Ethiopia and the Somali transitional government it supports denied there were Ethiopian troops in the country, though the troops were seen by several witnesses crossing to Baidoa. The Islamic militia withdrew from Bur Haqaba after its July 19 advance.
Mad Issaaq Nuur, one of the Islamic militiamen who had advanced to Bur Haqaba Tuesday, told The AP they had gone there to mediate between rival clan militias in the town.
Other Islamic militiamen said the group had gone to Bur Haqaba to receive an unspecified number of militiamen defecting from the government side. They said they planned to return to the capital, Mogadishu, once they had received the defectors.
They said they didn’t intend to attack Baidoa, 240 kilometers northwest of Mogadishu, which the Islamic group controls together with most of southern Somalia.
In Mogadishu, an official of the Islamic group said that beginning Tuesday, their militia will patrol the streets of the capital to make it more secure and stable.
Security has been a private affair since Somalia’s government collapsed in 1991. Businessmen who had arms would be advised when and how to surrender their arsenals soon, said Abdirahman Ali Mudey, an information official of the Islamic courts group.
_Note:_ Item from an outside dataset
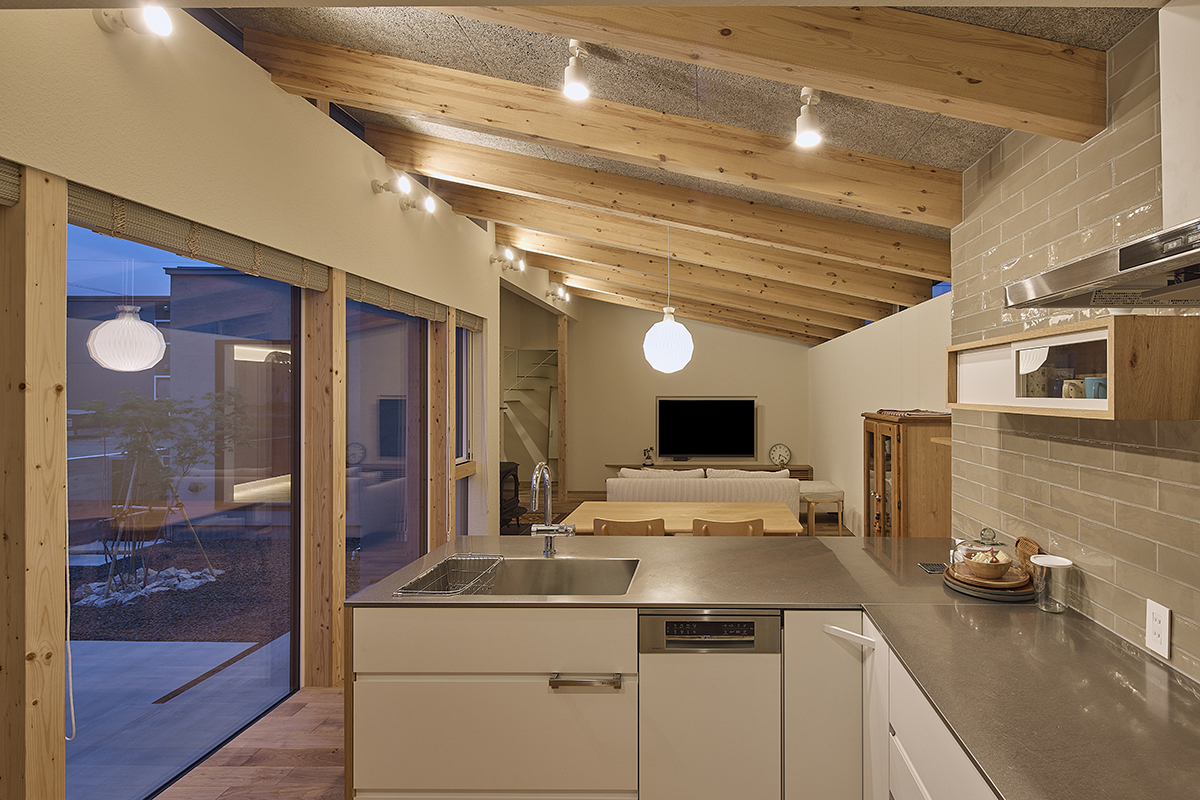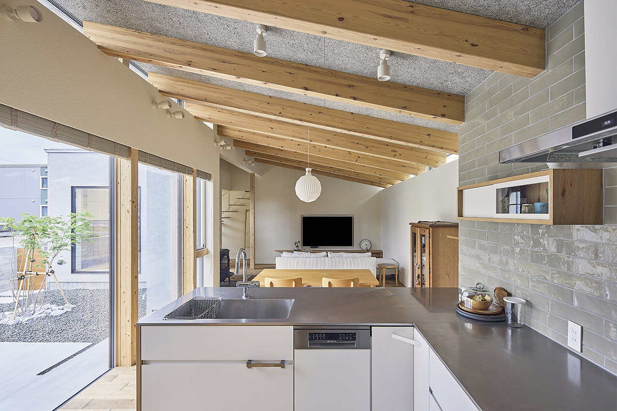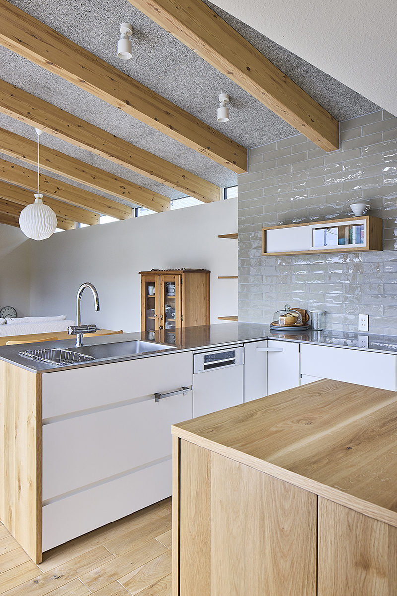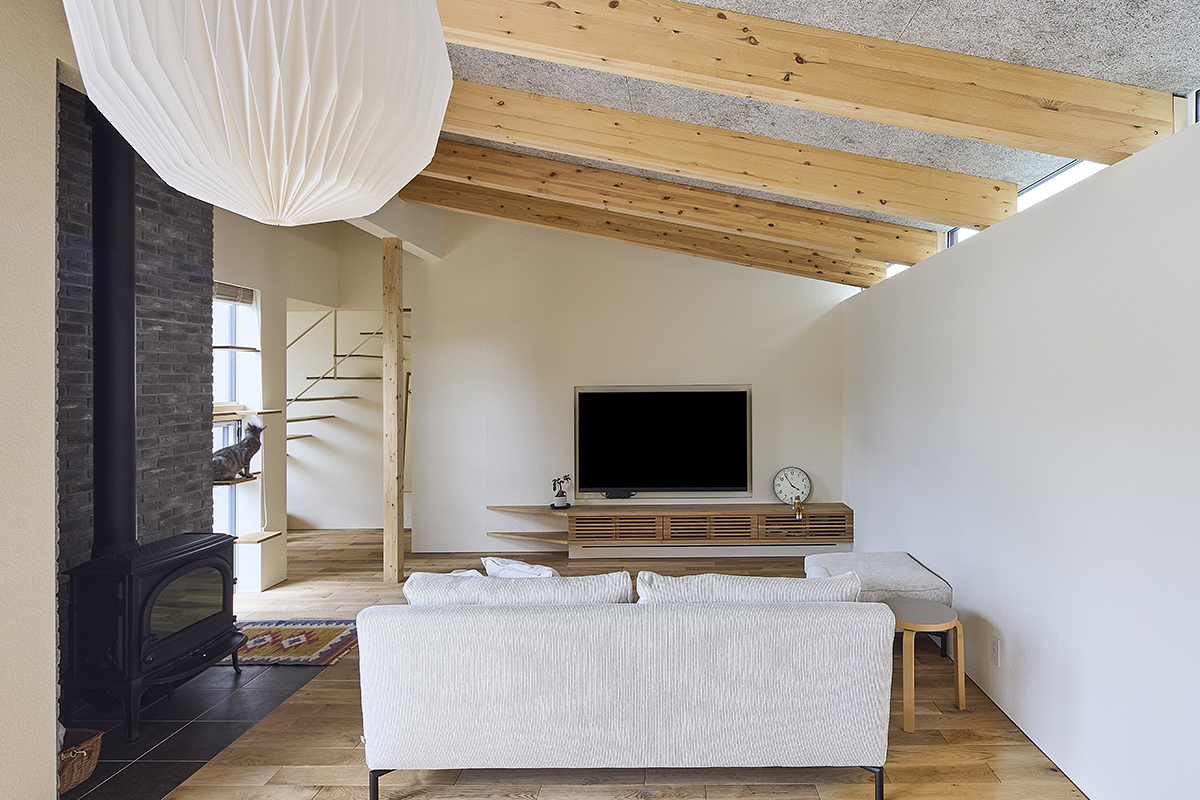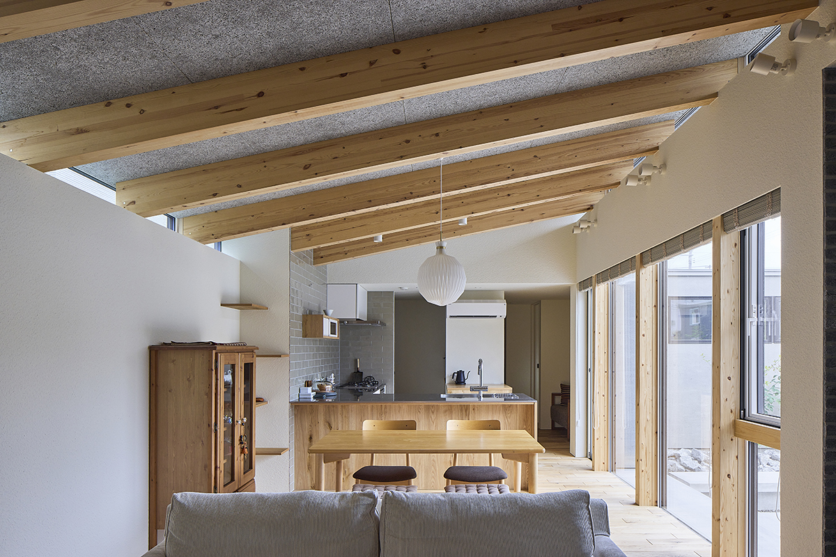 玄関ホールを抜けると、空間の天井が上がり、緩やかに傾斜した天井の梁から光が差し込むデザインとしました。この天井の質感によって光が拡散され、柔らかな光が空間全体に広がります。住人や訪れる人々は、この穏やかな光に包まれ、心地よい時間を過ごすことができるように設計しています。

The rise of the fundamentalist militia in recent months has prompted concerns within Africa and worldwide. The U.S. accuses the group of harboring al-Qaida leaders responsible for deadly bombings at the U.S. embassies in Kenya and Tanzania in 1998. And the group’s imposition of strict religious courts has sparked fears of an emerging, Taliban-style regime.
Somalia hasn’t had an effective central government since warlords toppled longtime dictator Mohamed Siad Barre in 1991 and then turned on each other, plunging the country into anarchy.